Demo of Stable baseline3 adapted By Nathan Cassereau (IDRIS) and Bertrand Cabot (IDRIS)


Github Repo: [https://github.com/DLR-RM/rl-baselines3-zoo](https://github.com/DLR-RM/rl-baselines3-zoo)

Stable-Baselines3 Repo: [https://github.com/DLR-RM/rl-baselines3-zoo](https://github.com/DLR-RM/stable-baselines3)


# Install Dependencies



In [None]:
!apt-get install swig cmake ffmpeg freeglut3-dev xvfb

In [None]:
!apt-get install -y \
    libgl1-mesa-dev \
    libgl1-mesa-glx \
    libglew-dev \
    libosmesa6-dev \
    software-properties-common

!apt-get install -y patchelf

## Clone RL Baselines3 Zoo Repo

In [None]:
!git clone --recursive https://github.com/DLR-RM/rl-baselines3-zoo

In [None]:
%cd /content/rl-baselines3-zoo/

### Install pip dependencies

In [None]:
!pip install -r requirements.txt

In [None]:
!pip install free-mujoco-py

## Pretrained model

gym environments: https://gym.openai.com/envs/

In [None]:
%cd /content/rl-baselines3-zoo/

### Record  a Video

In [None]:
# Set up display; otherwise rendering will fail
import os
os.system("Xvfb :1 -screen 0 1024x768x24 &")
os.environ['DISPLAY'] = ':1'

In [None]:
import base64
from pathlib import Path

from IPython import display as ipythondisplay

def show_videos(video_path='', prefix=''):
  """
  Taken from https://github.com/eleurent/highway-env

  :param video_path: (str) Path to the folder containing videos
  :param prefix: (str) Filter the video, showing only the only starting with this prefix
  """
  html = []
  for mp4 in Path(video_path).glob("**/*{}*.mp4".format(prefix)):
      video_b64 = base64.b64encode(mp4.read_bytes())
      html.append('''{} <br> <video alt="{}" autoplay 
                    loop controls style="height: 400px;">
                    <source src="data:video/mp4;base64,{}" type="video/mp4" />
                </video>'''.format(mp4, mp4, video_b64.decode('ascii')))
  ipythondisplay.display(ipythondisplay.HTML(data="<br>".join(html)))

### Discrete environments

In [None]:
%run scripts/all_plots.py -a dqn qrdqn a2c ppo --env PongNoFrameskip-v4 -f rl-trained-agents/

In [None]:
%run scripts/plot_train.py -a dqn -e PongNoFrameskip-v4 -f rl-trained-agents/ -x time

In [None]:
%run scripts/plot_train.py -a qrdqn -e PongNoFrameskip-v4 -f rl-trained-agents/ -x time

In [None]:
%run scripts/plot_train.py -a a2c -e PongNoFrameskip-v4 -f rl-trained-agents/ -x time

In [None]:
%run scripts/plot_train.py -a ppo -e PongNoFrameskip-v4 -f rl-trained-agents/ -x time

In [None]:
!python enjoy.py --algo dqn --env PongNoFrameskip-v4 --no-render --n-timesteps 5000

In [None]:
!python -m utils.record_video --algo dqn --env PongNoFrameskip-v4

In [None]:
show_videos(video_path='rl-trained-agents/dqn', prefix='PongNoFrameskip-v4')

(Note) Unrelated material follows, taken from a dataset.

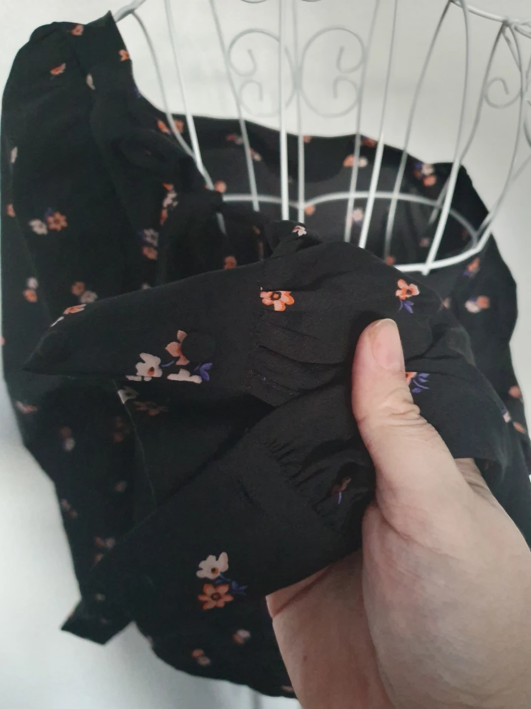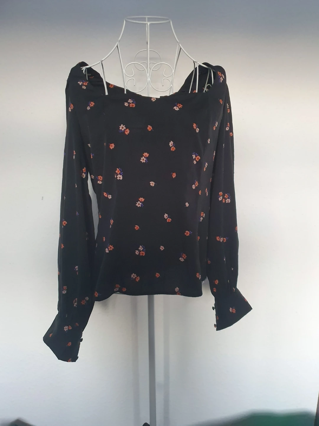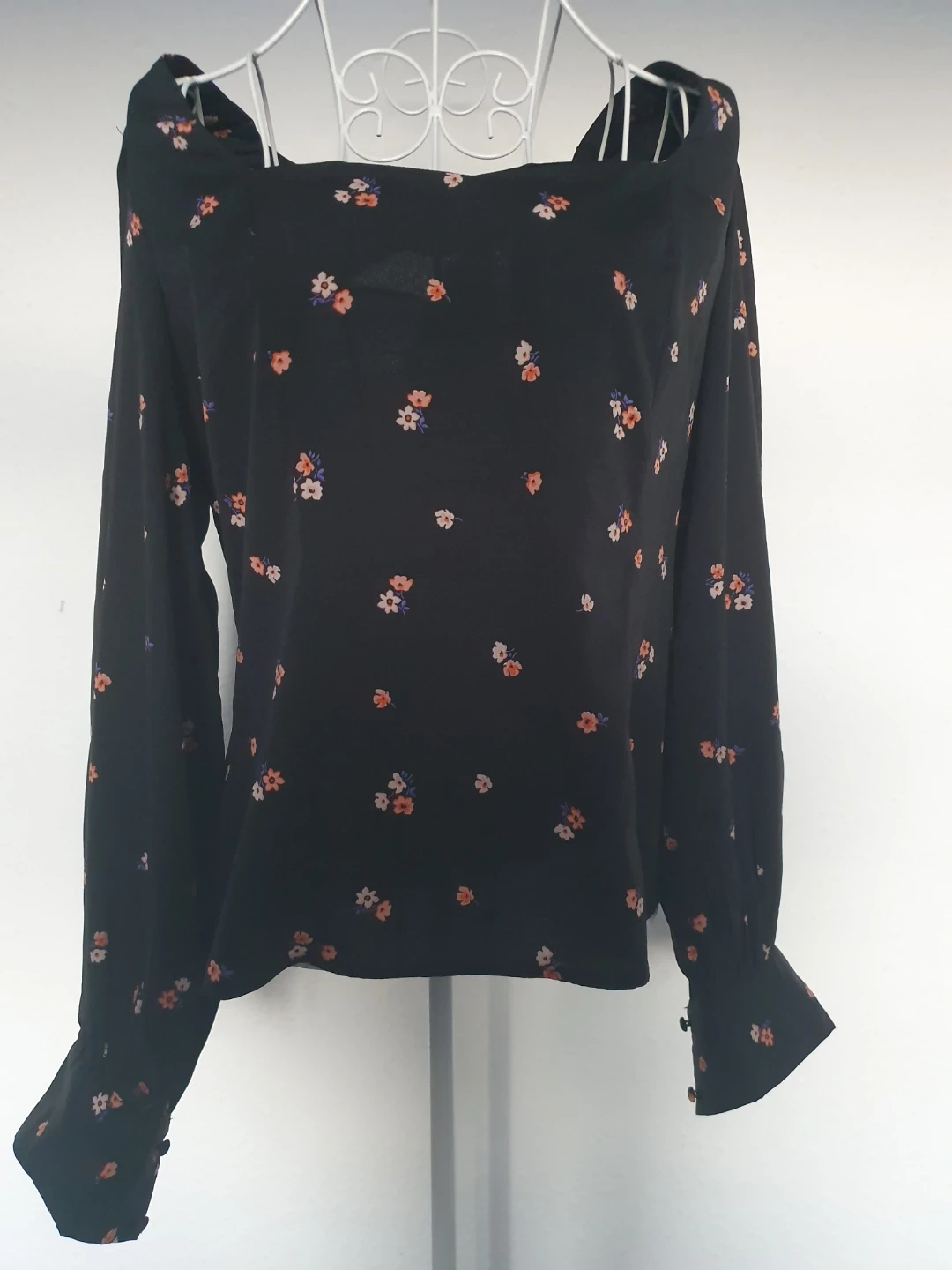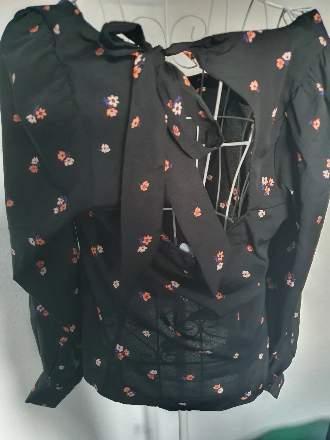 0 reviewsA lovely black blouse with a floral print. It features a tie back detail and long sleeves with buttoned cuffs. Perfect for adding a touch of elegance to your wardrobe

### Continuous environments

In [None]:
%run scripts/all_plots.py -a ppo trpo sac td3 tqc --env Ant-v3 -f rl-trained-agents/

In [None]:
%run scripts/plot_train.py -a ppo -e Ant-v3 -f rl-trained-agents/ -x time

In [None]:
%run scripts/plot_train.py -a trpo -e Ant-v3 -f rl-trained-agents/ -x time

In [None]:
%run scripts/plot_train.py -a tqc -e Ant-v3 -f rl-trained-agents/ -x time

In [None]:
%run scripts/plot_train.py -a td3 -e Ant-v3 -f rl-trained-agents/ -x time

In [None]:
%run scripts/plot_train.py -a sac -e Ant-v3 -f rl-trained-agents/ -x time

In [None]:
!python enjoy.py --algo td3 --env Ant-v3 --no-render --n-timesteps 5000

In [None]:
!python -m utils.record_video --algo td3 --env Ant-v3

In [None]:
show_videos(video_path='rl-trained-agents/td3', prefix='Ant-v3')

## Train an RL Agent


The train agent can be found in the `logs/` folder.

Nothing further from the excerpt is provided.